Глава 1. Дорогой дневник

Это пиздец. Решил вести записи, пока смогу и сколько смогу.

У меня жопа, дорогой дневник, как в демотиваторе с двужопым кентавром. Одни ягодицы — человечьи, ими он обращён к зрителю, другие — лошадиные, на них озадаченно смотрит. Полная жопа, двойной комплект.

Башка у Макса давно протекала, но всё по мелочи, он был смешным и мирным чудиком, объектом для шуток всей лаборатории, с ведром в тележке, пылесосом позади и тряпками: сухой и влажной. Редкие пегие волосёнки с проседью топорщились на макушке, высокий лоб украшали залысины. Часто улыбаясь, он показывал крупные, желтоватые, тесно сидящие в дёснах зубы.

Утром он зажал меня в вивариуме, среди клеток. Там повсюду громоздились вольеры, боксы и банки, стоял запашок мелочных жизней и величественных смертей во имя науки. Ещё там стояли электрооградки зверских углов, два стола с компами, анализаторы и закрытые боксы для крыс, получивших инъекции раньше. Из тех никто не выжил. Трупики я собирался сжечь в лабораторном мусоросжигателе и начинать новый опыт: намедни привезли вполне земных мартышек. Конечно, животных было жалко, но ещё жальче — многих и многих больных людей, с надеждой ожидающих нового препарата. Мы работали над созданием мощнейшего биостимулятора, запускающего эффективную регенерацию в поражённых органах и системах организма. Как на это подписался я, обычный инфекционист, простой человеческий медик, которых в каждой ручейной больничке навалом?
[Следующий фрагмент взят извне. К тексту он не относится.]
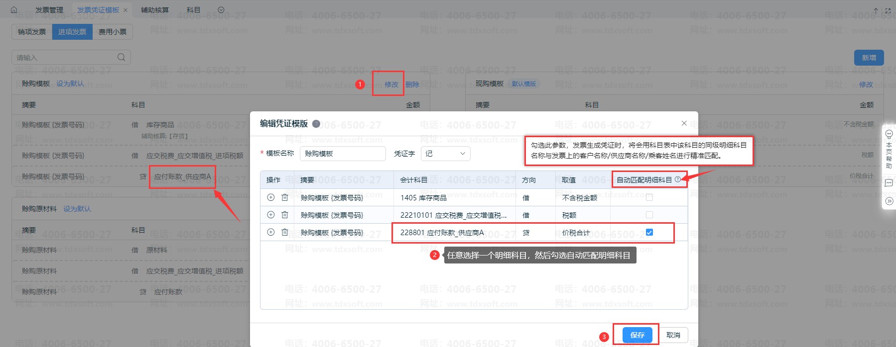 1、同样,打开打开【发票】-【发票凭证模板】界面,如应付账款科目设置的是二级明细科目,点击【修改】打开赊购发票凭证模板,选择其中一个二级科目,并勾选【自动匹配明细科目】。

Да очень просто — корешился с фармацевтами «Нealthy nation», а те сманили тайной. Предложили пойти в новую иномирную лабораторию врачом. Покрутили перед моим любопытным носом не деньгами, а открытием. Профильные статьи в ведущих скопусах, вероятная кандидатская и, о чудо — Нобелевская премия в случае успеха грезились мне в вечерних мечтах, но если и мечтать — то по-крупному, дорогой дневник, как в поговорке о королеве и миллионе.

Гостил в вивариуме на передержке и абориген — на полу стояла клетка с неким водоплавающим существом, довольно крупным, пушистым и тихим, кажется беззубым, которое на коптере привёз рыбнадзорный рейнджер Дмитрий. Рыболовная артель поймала животное сетью и вызвала его по рации, а тот усыпил для института.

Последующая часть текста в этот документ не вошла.